The Wolfeboro-based Dow Realty Group at Keller Williams is dealing primarily with out-of-state buyers, said CEO Adam Dow. The traffic on his website alone is showing many more people from outside of New Hampshire looking to the state to buy. From May 1 through September 30 of this year, Dow had 38,150 people on his website from just Massachusetts. During that same time period in 2019, the number was 13,000. 

“The people with money that used to travel are now securing their recreational house in New Hampshire so they’re not stuck in Massachusetts if this quarantine thing happens again,” Dow said. “If another quarantine happens, they don’t want to be the neighbor that doesn’t have a lake house looking at their other neighbors empty driveway.”

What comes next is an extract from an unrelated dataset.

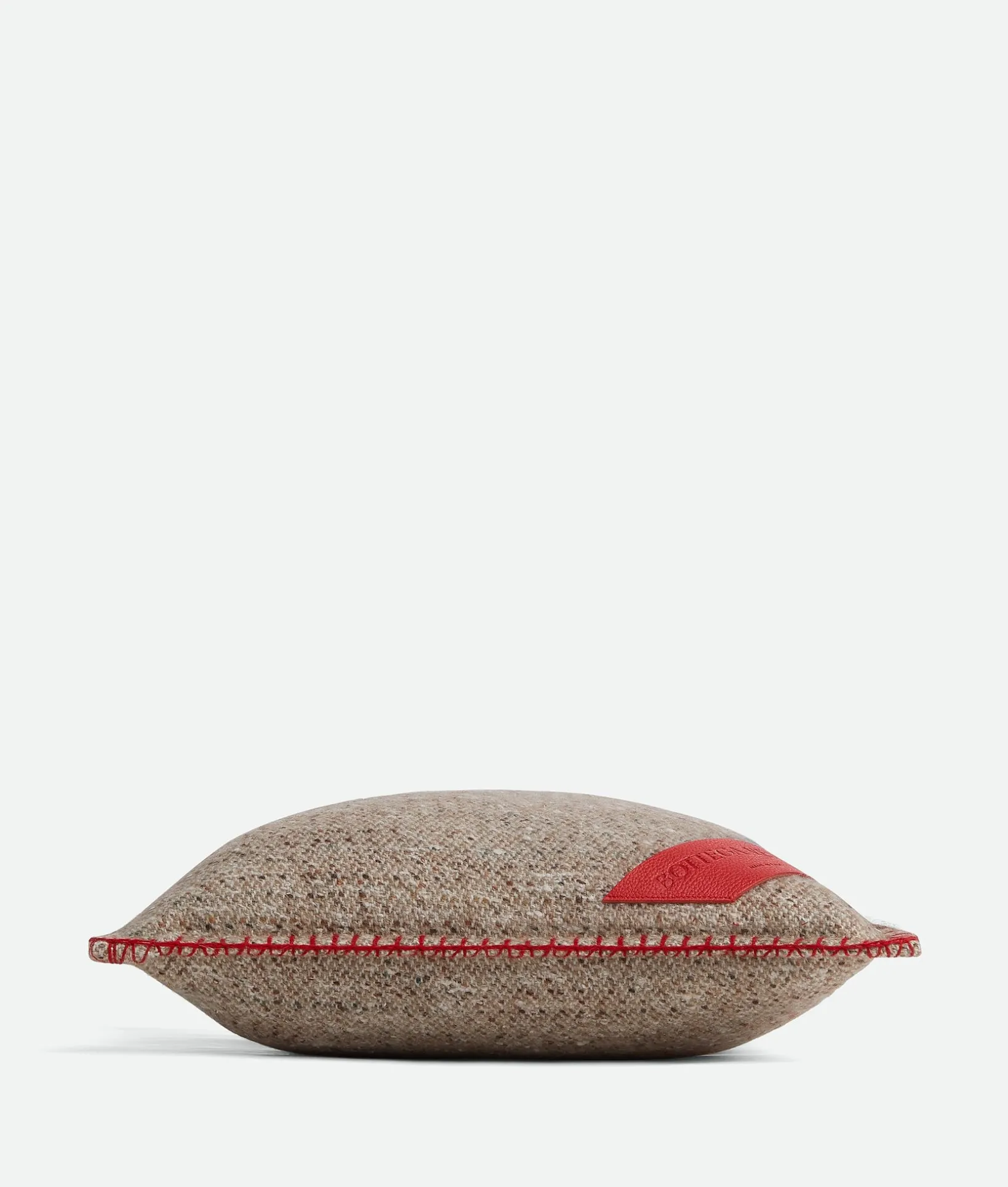 • Cushion in merino wool with calfskin leather patch and edge-stitching details.

Tight Inventory as People Hold New Hampshire Properties

Despite the demand, Peabody and Smith hasn’t sold more houses this year than in 2019, in part because inventory is low, he said. However, more homes are becoming available for sale and Smith believes that by the end of the year both sales and revenue will be up compared to 2019. 

Brustin, however, said that people who have a property in New Hampshire are holding on to it, so that they have a place to go if the pandemic becomes worse and stay-at-home orders take effect again. 

With not a lot on the market, there is a lot of pressure in the pipeline but not a lot to offer buyers. In some cases, houses are selling more quickly. It’s not unusual for home to come on the market on a Thursday, and have five or six offers by Sunday, Smith said. 

“That’s created a real lack of inventory in our market, and so we’re finding that folks who may have otherwise taken vacations to Colorado or planned two or three trips a year somewhere else, I think they’re seeing that’s probably not going to happen for a while,” Brustin said. “So, I think they’ve decided to instead of doing that, they decided to purchase properties in this area.”

Frank Roche, owner and principal broker at Roche Realty Group in the Lakes Region is also facing an inventory shortage. He said that people are considering their second homes a safe haven, so are keeping them. In addition, there has not been enough new construction. 

“I think overall sales for next year could be lower unless we can increase the inventory supply,” Roche said. 

Roche said the pandemic alone doesn’t explain increased interest from buyers: low-interest rates and civil unrest in more urban parts of the country are also causing people to look at moving to the Granite State, he said. 

“How could you not fall in love with New Hampshire,” Roche said. “It’s got so much going for it and in an age of severe turmoil, social unrest and uncertainty in this country it’s definitely a slice of heaven in terms of offering something for everyone in a small state, with very low density and tremendous natural resources for everyone to enjoy.”